- Developer: TalonSoft
- Publisher: TalonSoft
- Platform: Windows
- Release: 1998
- Genre: Computer wargame
- Modes: Single-player, multiplayer

= West Front (video game) =

1998 computer wargame

West Front is a 1998 computer wargame developed and published by TalonSoft. It is the sequel to East Front and the second game in the Campaign series.

In 1999, West Front was followed by East Front II: The Russian Front.

==Gameplay==
West Front is a computer wargame that simulates conflict during the Western Front of World War II and the North African campaign.

==Development==
West Front was created with an updated version of the game engine from East Front, its direct predecessor. It is the second entry in TalonSoft's Campaign series.

==Reception==

According to TalonSoft head Jim Rose, West Fronts early sales were strong, and were on track to surpass the roughly 90,000 units sold by its predecessor. By February 2000, the overall Campaign series had achieved global sales above 250,000 copies.

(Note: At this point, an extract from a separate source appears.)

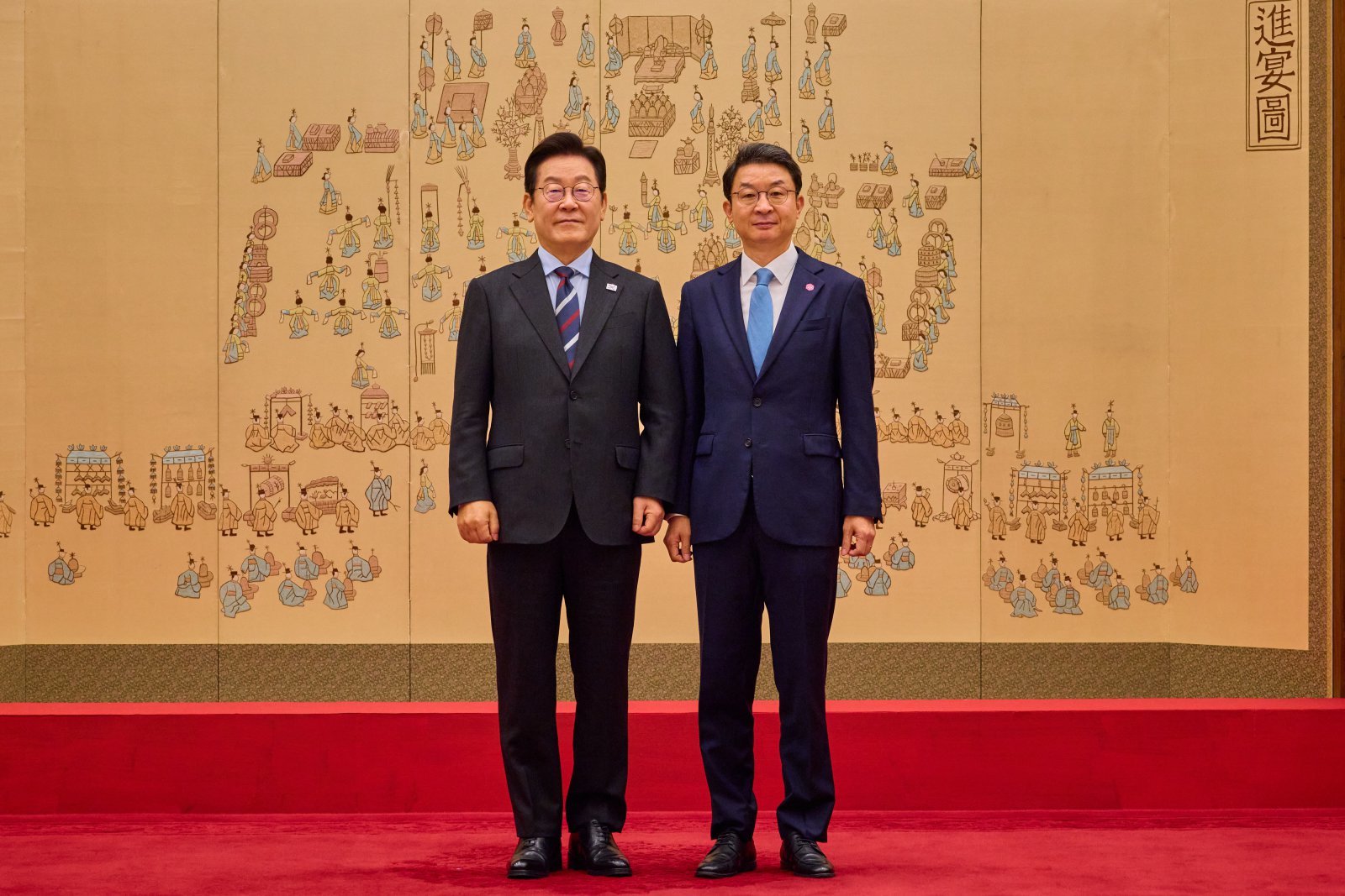 李 “해외 일정 취소하고 오셨다고요”…이재용 “당연합니다”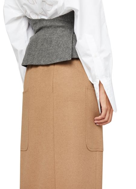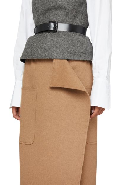 La jupe longue Max Mara Carbone offre un toucher très doux et une coupe droite flatteuse. Sa taille élastique assure un ajustement parfait, tandis que les détails froncés ajoutent une touche d'élégance. Les poches plaquées ajoutent une touche pratique à cette pièce polyvalente et intemporelle.

The editors of GameSpot nominated West Front for their 1998 "Wargame of the Year" award, which ultimately went to TalonSoft's The Operational Art of War Vol. 1: 1939–1955. They called West Front "much improved" over its "disappointing" predecessor.

Review scores
| Publication | Score |
|---|---|
| Computer Games Strategy Plus | 4/5 |
| Computer Gaming World | 4/5 |
| PC Gamer (US) | 90% |
| CNET Gamecenter | 9/10 |

==Legacy==
The second game in the Campaign series, West Front was followed by East Front II: The Russian Front, Rising Sun and Divided Ground: Middle East Conflict 1948–1973.